Hello HTM theory -
I’ve been interested recently in exploring additional mechanisms that may enable sequence / transition learning, and in particular the possibility of learning transitions through the existing machinery of feed forward (proximal) spatial connectivity. There’s something tempting to me about leveraging a single mechanism for both spatial association and temporal prediction.
Based on a limited understanding of the cell level dynamics, mostly from UTHealth’s online neuroscience textbook (which seems to be a pretty incredible resource - http://neuroscience.uth.tmc.edu/ for those who haven’t seen it), it seems like fading activations could be biologically supported in certain contexts.
Without any further motivation than exploring what might be possible given a spatial pooler with continuous fading activations, I’ve been thinking along the lines below.
First add a few additional (not yet substantiated) assumptions:
- Fade rate can be variable per cell and influenced by connectivity, e.g. perhaps cells with substantial distal connectivity in the same region fade slower.
- An SDR X may be composed of a combination of core cells (X_c) which are highly distally connected and fade slower, and peripheral cells (X_p) which have less distal connectivity and whose activations fade faster. Some thoughts on intuition for this at end**.
Consider arbitrary SDRs A and B. A temporal transition from A -> B might look like the large grid in the lower right of the image below. Because the core cells (A_c and B_c) fade slower than the peripheral cells of A and B (A_p and B_p), A’s peripheral cells’ activations will have decreased more (or fully deactivated) by the time B is active. This leads to a resultant activation in the region with a potentially useful property: a cell in the region above could form inhibitory proximal connections with A_p and excitatory connections with B, and such a cell would detect only an explicit transition from A -> B.
To check this consider that (with the right thresholds) our cell can only fire when B is fully (currently) active, A_p has faded such that the inhibitory connections to A_p have disinhibited the cell, but A_c is still active. This can only occur in a transition from A->B.

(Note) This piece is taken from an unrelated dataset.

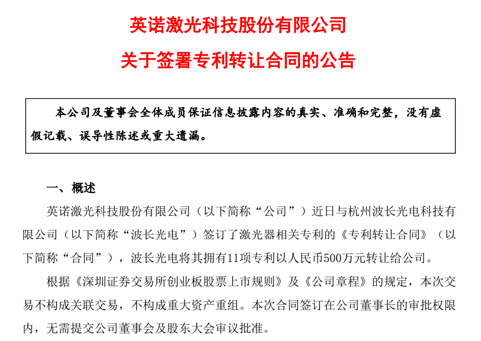 2022年4月28日晚間,英諾激光發(fā)布公告,公告顯示,英諾激光與杭州波長光電科技有限公司簽訂了激光器相關專利的《專利轉讓合同》,波長光電將其擁有11項專利以500萬元轉讓給英諾激光,其中包括9項發(fā)明專利,2項實用新型專利。

At this point, it seems possible that with a fairly minimal hierarchy, complex and potentially high-order sequences (transitions of transitions) could be learned.
Questions on this:
- I believe I’ve seen mention of something like this on the forum at some point in the past, but nothing came up with my recent searches. Is there a standard name for this concept?
- Could spatial transition learning like this complement HTM sequence learning / temporal memory?
Would be curious to hear any thoughts on this, including “this isn’t worth pursuing or biologically feasible because of X, Y, Z”.
**Intuition on core vs. peripheral: One might think of core cells as composing the central, always present features of an SDR, possibly related to the concept of an invariant structure. Consider a tree. The verbal name ‘tree’ becomes highly associated with all features that are related to trees (leaves, wood, green), and so the SDR representing this word may contain many core / tightly connected cells. Whereas leaves and wood, independently, have a less direct association with each other (occur in close proximity to each other less frequently) and all other features, and so have less distal connections.